In a televised speech on Tuesday evening, the 71-year-old leader, speaking in front of a large outline of the Great Wall of China, said the issues of employment, income growth, elderly care, child care, education and health care “are always on my mind.” “.

Xi said the July meeting of the Chinese Communist Party leadership was a “clear call for further comprehensive deepening of reform.”

“Enabling people to live happy lives is the top priority,” he said. “Every family hopes that its children will have a good education, its elderly will have good care services, and its youth will have more development opportunities.”

China's economyThe world's second-largest economy after the United States recorded growth of 4.8 percent in the first nine months of the year, lagging behind Beijing's official target of about 5 percent.

The weak sentiment and deflationary pressures follow a series of blows, from the pandemic and a years-long housing market decline, to Xi's reassertion of Communist Party control over large swaths of China's business landscape.

Xi on Tuesday also repeated a veiled warning about international support for Taiwan. China claims sovereignty over Taiwan and has not ruled out the use of force if Taipei refuses to unify indefinitely.

“Compatriots on both sides of the strait are one family. No one can sever the ties of blood and kinship between us, and no one can stop the historical trend of national reunification,” Xi said.

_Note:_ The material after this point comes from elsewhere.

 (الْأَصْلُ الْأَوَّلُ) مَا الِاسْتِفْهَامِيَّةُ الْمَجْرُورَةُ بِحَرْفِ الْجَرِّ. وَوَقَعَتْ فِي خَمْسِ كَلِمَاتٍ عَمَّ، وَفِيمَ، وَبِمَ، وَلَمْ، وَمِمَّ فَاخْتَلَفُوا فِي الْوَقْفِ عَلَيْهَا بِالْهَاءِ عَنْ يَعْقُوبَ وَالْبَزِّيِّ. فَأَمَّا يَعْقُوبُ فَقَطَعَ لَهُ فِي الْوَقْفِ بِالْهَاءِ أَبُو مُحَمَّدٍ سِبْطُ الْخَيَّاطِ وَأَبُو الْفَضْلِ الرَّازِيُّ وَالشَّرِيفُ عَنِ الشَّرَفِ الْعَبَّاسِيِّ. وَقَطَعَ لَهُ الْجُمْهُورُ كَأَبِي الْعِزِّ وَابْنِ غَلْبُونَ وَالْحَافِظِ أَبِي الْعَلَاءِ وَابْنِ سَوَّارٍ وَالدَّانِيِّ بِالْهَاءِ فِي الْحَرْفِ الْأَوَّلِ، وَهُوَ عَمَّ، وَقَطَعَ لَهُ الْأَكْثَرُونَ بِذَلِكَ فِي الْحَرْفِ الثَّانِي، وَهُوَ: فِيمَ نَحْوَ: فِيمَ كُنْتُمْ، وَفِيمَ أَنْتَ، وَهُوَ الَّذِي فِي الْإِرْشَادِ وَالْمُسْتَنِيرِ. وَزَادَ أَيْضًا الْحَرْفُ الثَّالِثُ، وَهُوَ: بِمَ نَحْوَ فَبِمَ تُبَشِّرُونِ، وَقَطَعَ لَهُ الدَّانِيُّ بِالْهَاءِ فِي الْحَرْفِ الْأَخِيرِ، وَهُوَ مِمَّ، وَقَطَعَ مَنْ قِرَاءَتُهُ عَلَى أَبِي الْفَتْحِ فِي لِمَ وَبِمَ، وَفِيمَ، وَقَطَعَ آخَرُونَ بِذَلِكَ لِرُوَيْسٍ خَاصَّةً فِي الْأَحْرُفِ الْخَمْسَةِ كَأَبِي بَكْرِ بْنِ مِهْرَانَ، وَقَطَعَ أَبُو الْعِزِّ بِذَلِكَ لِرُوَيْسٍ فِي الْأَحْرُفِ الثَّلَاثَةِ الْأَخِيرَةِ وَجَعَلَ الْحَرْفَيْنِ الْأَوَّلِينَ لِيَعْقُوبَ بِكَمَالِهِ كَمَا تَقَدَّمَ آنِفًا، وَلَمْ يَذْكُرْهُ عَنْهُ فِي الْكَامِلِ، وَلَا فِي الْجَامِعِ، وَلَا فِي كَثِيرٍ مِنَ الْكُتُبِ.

Xi has increasingly directed state support to manufacturing and high-tech industry, raising investment in electric cars, batteries, semiconductors and artificial intelligence, while continuing the production of Chinese-made biotechnologies.

On Tuesday, he highlighted China's progress in technological self-reliance and breakthroughs in areas including computer chips, artificial intelligence and space exploration.

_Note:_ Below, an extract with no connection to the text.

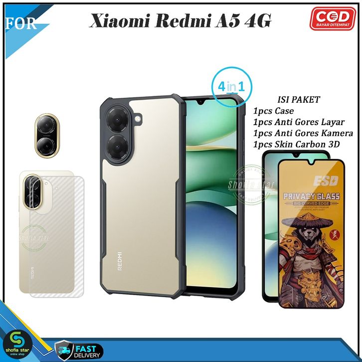 (TERLARIS)PAKET 4in1 Case Tempered AG Xiaomi Redmi A5 4G 13X Poco C71 Softcase Fusion Transparan Cover

A series of policy easing measures announced by Beijing since September, including some real estate and stock market support, have been seen as a sign that Xi Jinping's administration is shifting its focus toward boosting domestic demand.

Reflecting these changes, the World Bank last week revised its forecast for China's GDP growth next year up 0.4 percentage points to 4.5 percent.

However, China this year has been rocked by a series of mass killings and stabbings that some experts blame on rising social tensions. Fan Weiqiu, a 62-year-old man, was sentenced to death last week after being found guilty of driving his car into a crowd of people in Zhuhai, southern China, in November, killing at least 35 people, in the worst mass killing incident. In the country since 2016. A decade.

Ahead of a series of national holidays, Beijing has begun urging local governments to expand seasonal cash assistance to people facing economic hardship, including unemployed youth.

Kelvin Lam, an economist at macroeconomics firm Pantheon, said that although the grants would not have a significant impact on the broader economy, they could support social stability and consumption in poor rural areas.

China's economic outlook has been further weakened by tense relations with the United States.

Under President Joe Biden, the United States has restricted China's access to computer chips, tightened restrictions on Chinese investments in the United States and tightened sanctions on Chinese companies over their trade with Russia in the wake of the all-out invasion of Ukraine.

Earlier on Tuesday, Xi told Russian leader Vladimir Putin that “strategic coordination” between China and Russia continued to reach higher levels under their leadership, according to a New Year message published by China's official Xinhua news agency.